Question

In the given figure. Find RP and PS using the information given in $\Delta PSR$.

Answer 1

Hint: We recall the definitions of sine, cosine and tangent trigonometric ratios. We take sine of given angle $\angle SPR={{30}^{\circ }}$ to get the length SP and we take tangent of the given angle $\angle SPR={{30}^{\circ }}$ to get the length PS.

Complete answer:
We know from the trigonometric ratios in a right angled triangle the sine of any angle is given by the ratio of length of side opposite to the angle to the length of hypotenuse. In the figure the sine of the angle $\theta $ is given by
\[\sin \theta =\dfrac{p}{h}\]
Similarly the cosine of an angle is the ratio of length of side adjacent to the angle (excluding hypotenuse) to the length of hypotenuse.
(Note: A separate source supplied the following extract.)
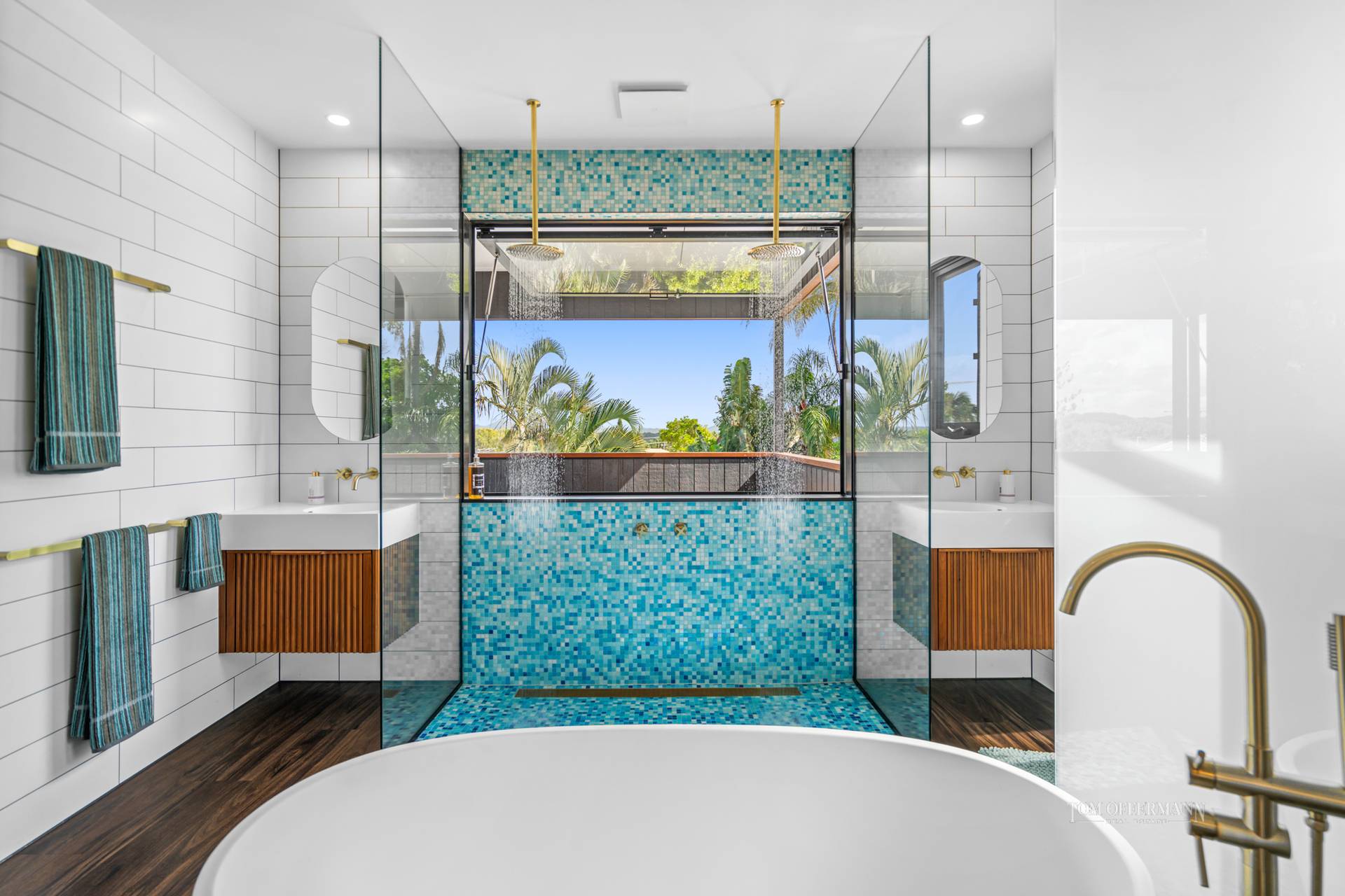 • 2 king master suites – upstairs retreat-style w walnut-toned floors, high ceiling, feature free-standing oval bathtub, double shower, Italian tiles, powder room, walk-in robe, gas-lift window to undercover terrace & hinterland views; downstairs master w ensuite, walk-through robe; 2 queen-size bedrooms w built-in robes/desk + bathroom w bathtub

So we have cosine of angle $\theta $
\[\cos \theta =\dfrac{b}{h}\]
The tangent of the angle is the ratio of length of opposite side to the length of adjacent side (excluding hypotenuse) . So we have tangent of the angle of angle $\theta $
\[\tan \theta =\dfrac{p}{b}\]
Let us observe the given figure

We see that we are given the right angled triangle PRS where $\angle PSR={{90}^{\circ }}$ and whose opposite side is the hypotenuse PS. We are also given a measure of the angle $\angle SPR={{30}^{\circ }}$ whose opposite side is SR and its length is given as 6 units. The adjacent side to the angle $\angle SPR={{30}^{\circ }}$ is PS excluding hypotenuse.
Let us take the sine of the angle $\angle SPR={{30}^{\circ }}$. We have;
\[\begin{align}
  & \sin \left( \angle SPR \right)=\dfrac{SR}{RP} \\
 & \Rightarrow \sin {{30}^{\circ }}=\dfrac{6}{RP} \\
 & \Rightarrow \dfrac{1}{2}=\dfrac{6}{RP} \\
 & \Rightarrow RP=12 \\
\end{align}\]
Let us take the tangent of the angle $\angle SPR={{30}^{\circ }}$. We have;
\[\begin{align}
  & \tan \left( \angle SPR \right)=\dfrac{SR}{PS} \\
 & \Rightarrow \tan {{30}^{\circ }}=\dfrac{6}{SP} \\
 & \Rightarrow \dfrac{1}{\sqrt{3}}=\dfrac{6}{SP} \\
 & \Rightarrow SP=6\sqrt{3} \\
\end{align}\]
So the required lengths are $RP=12$ units and $PS=6\sqrt{3}$ units.

Note:
We can alternatively find PS by taking cosine of the angle $\angle SPR={{30}^{\circ }}$ after we obtained length of hypotenuse $RP=12$ units where we can use $\cos {{30}^{\circ }}=\dfrac{\sqrt{3}}{2}$.We should properly remember basic trigonometric values from the table for ${{30}^{\circ }},{{45}^{\circ }},{{60}^{\circ }}$ and must not confuse among them. The given triangle is a ${{30}^{\circ }}-{{60}^{\circ }}-{{90}^{\circ }}$ triangle whose sides are always at a ratio $1:\sqrt{3}:2$.